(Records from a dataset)
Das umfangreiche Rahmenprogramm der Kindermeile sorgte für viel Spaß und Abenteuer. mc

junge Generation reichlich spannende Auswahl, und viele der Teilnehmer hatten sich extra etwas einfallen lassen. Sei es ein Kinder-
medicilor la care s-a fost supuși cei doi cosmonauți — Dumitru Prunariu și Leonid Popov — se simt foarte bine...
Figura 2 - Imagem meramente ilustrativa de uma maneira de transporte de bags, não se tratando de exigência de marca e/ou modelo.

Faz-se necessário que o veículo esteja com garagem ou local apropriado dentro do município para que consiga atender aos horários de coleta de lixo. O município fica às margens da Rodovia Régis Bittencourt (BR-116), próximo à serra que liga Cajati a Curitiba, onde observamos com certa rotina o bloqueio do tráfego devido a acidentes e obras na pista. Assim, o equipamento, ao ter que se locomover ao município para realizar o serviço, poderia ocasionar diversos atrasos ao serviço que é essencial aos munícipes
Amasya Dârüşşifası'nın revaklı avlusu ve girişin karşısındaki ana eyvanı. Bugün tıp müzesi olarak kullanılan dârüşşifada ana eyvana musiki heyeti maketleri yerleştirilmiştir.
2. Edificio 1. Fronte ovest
---
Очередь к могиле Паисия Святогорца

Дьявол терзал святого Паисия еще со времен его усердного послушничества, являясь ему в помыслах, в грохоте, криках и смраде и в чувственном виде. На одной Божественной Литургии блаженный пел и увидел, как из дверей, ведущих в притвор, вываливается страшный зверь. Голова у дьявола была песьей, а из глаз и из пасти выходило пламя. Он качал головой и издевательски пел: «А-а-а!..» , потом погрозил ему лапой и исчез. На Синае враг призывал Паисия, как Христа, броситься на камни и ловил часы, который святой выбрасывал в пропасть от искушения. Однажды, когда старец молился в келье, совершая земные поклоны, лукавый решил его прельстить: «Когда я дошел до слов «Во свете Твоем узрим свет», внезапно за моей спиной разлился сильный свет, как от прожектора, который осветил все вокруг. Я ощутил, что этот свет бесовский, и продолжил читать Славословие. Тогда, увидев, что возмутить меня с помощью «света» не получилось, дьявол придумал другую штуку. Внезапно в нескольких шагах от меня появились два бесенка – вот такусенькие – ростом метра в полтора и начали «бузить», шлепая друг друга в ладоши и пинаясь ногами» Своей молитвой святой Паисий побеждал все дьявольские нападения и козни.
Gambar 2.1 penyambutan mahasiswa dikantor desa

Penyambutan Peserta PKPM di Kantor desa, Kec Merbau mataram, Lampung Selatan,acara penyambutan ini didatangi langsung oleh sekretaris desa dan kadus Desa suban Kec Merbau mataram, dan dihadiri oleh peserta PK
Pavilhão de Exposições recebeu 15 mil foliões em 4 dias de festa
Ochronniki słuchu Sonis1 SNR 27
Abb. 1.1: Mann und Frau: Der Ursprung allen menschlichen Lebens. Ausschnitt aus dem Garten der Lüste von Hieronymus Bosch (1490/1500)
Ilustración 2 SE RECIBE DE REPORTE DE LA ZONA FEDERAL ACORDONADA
...
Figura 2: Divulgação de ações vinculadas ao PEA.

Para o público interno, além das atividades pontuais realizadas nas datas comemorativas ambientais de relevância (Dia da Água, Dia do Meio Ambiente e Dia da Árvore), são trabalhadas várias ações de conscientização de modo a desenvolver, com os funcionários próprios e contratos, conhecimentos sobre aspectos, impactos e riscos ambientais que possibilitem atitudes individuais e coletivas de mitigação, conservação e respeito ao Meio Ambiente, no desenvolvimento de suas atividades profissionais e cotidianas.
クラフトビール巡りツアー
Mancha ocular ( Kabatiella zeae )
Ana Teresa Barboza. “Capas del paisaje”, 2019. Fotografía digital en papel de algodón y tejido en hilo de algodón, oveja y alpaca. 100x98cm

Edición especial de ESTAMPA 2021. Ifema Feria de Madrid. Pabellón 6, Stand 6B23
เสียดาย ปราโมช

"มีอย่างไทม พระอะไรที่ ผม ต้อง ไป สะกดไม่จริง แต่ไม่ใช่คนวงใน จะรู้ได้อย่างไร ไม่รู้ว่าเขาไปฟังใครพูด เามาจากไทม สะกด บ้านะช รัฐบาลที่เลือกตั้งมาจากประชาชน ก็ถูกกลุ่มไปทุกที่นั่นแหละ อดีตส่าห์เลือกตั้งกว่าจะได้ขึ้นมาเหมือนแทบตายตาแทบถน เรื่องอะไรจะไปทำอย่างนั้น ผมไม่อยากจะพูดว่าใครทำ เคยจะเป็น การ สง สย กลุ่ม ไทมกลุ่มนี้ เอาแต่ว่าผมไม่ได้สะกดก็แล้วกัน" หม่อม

### Task description
Lines holding the string "Figura" must be copied out of the entries above.

### Task solution
Figura 2 - Imagem meramente ilustrativa de uma maneira de transporte de bags, não se tratando de exigência de marca e/ou modelo.
Figura 2: Divulgação de ações vinculadas ao PEA.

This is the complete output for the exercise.